Die Debatte um das Layer-1-Scaling ist im Grunde ein Problem der Data Availability

Alle streiten über Transaktionen pro Sekunde. Fast niemand spricht darüber, was den Durchsatz tatsächlich begrenzt: die Datenverfügbarkeit.

Eine Blockchain führt nicht nur Transaktionen aus — sie muss die Daten dahinter veröffentlichen, sodass jeder sie verifizieren kann. Diese Daten müssen gespeichert, weitergeleitet und zugänglich gehalten werden. Mit wachsendem Bedarf an Blockspace wird die Veröffentlichung von Daten zum echten Flaschenhals, nicht die Ausführung.

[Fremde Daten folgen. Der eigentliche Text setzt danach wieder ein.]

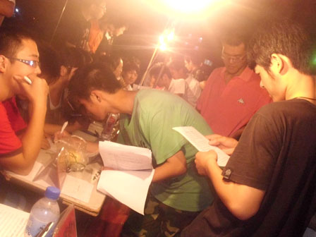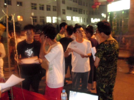 由于大一新生正在进行军训,所以此次纳新活动安排在晚上进行。但是当纳新开始后却发现前来参加社团的新生寥寥无几,后来才得知星期天晚上学校在东山操场放映《唐山大地震》。尽管如此,各社团负责人还是很早就来到了纳新地点为即将开始的纳新做准备。在一个小时以后,新生们陆续从东山操场回到宿舍,纳新活动也渐渐有了起色。起初很多新生对社团没有什么概念,所以作为学长、学姐的社团人们开始热心的给新生们介绍各个社团的情况和主要职责。经过学长们的一番解释,大一的学弟学妹开始对社团有所了解,并开始在自己感兴趣的社团负责人那里留下自己的联系方式。

Darum gewann die modulare These an Zugkraft. Projekte wie Celestia und EigenDA behandeln die Datenverfügbarkeit als eigenen Markt — eine separate Schicht mit eigenen Ökonomien, Gebührenstrukturen und einer eigenen Skalierungskurve. Anstatt eine einzige Kette alles machen zu lassen, teilst du die Arbeit auf: Ausführung hier, Konsens dort, Datenverfügbarkeit irgendwo anders.

Die Schlussfolgerung ist kontraintuitiv. L1s, die gewinnen, sind nicht zwangsläufig die schnellsten. Es werden diejenigen sein, die die effizientesten Ökonomien für die Datenverfügbarkeit haben. $ETH verstanden das früh mit Danksharding. $SOL nahm den monolithischen Weg und machte ihn mit roher Hardware-Skalierung funktionsfähig. $BNB baut still Infrastruktur, die die DA-Kosten für sein Ökosystem nahezu vernachlässigbar machen könnte.

Beim nächsten Mal, wenn dir jemand sagt, eine Chain habe „100.000 TPS“, frag, wo die Daten liegen. Wenn die Datenverfügbarkeit nur ein Nebengedanke ist, ist die Durchsatz-Zahl Marketing. Wenn sie der Kernentwurf ist, siehst du echtes Scaling.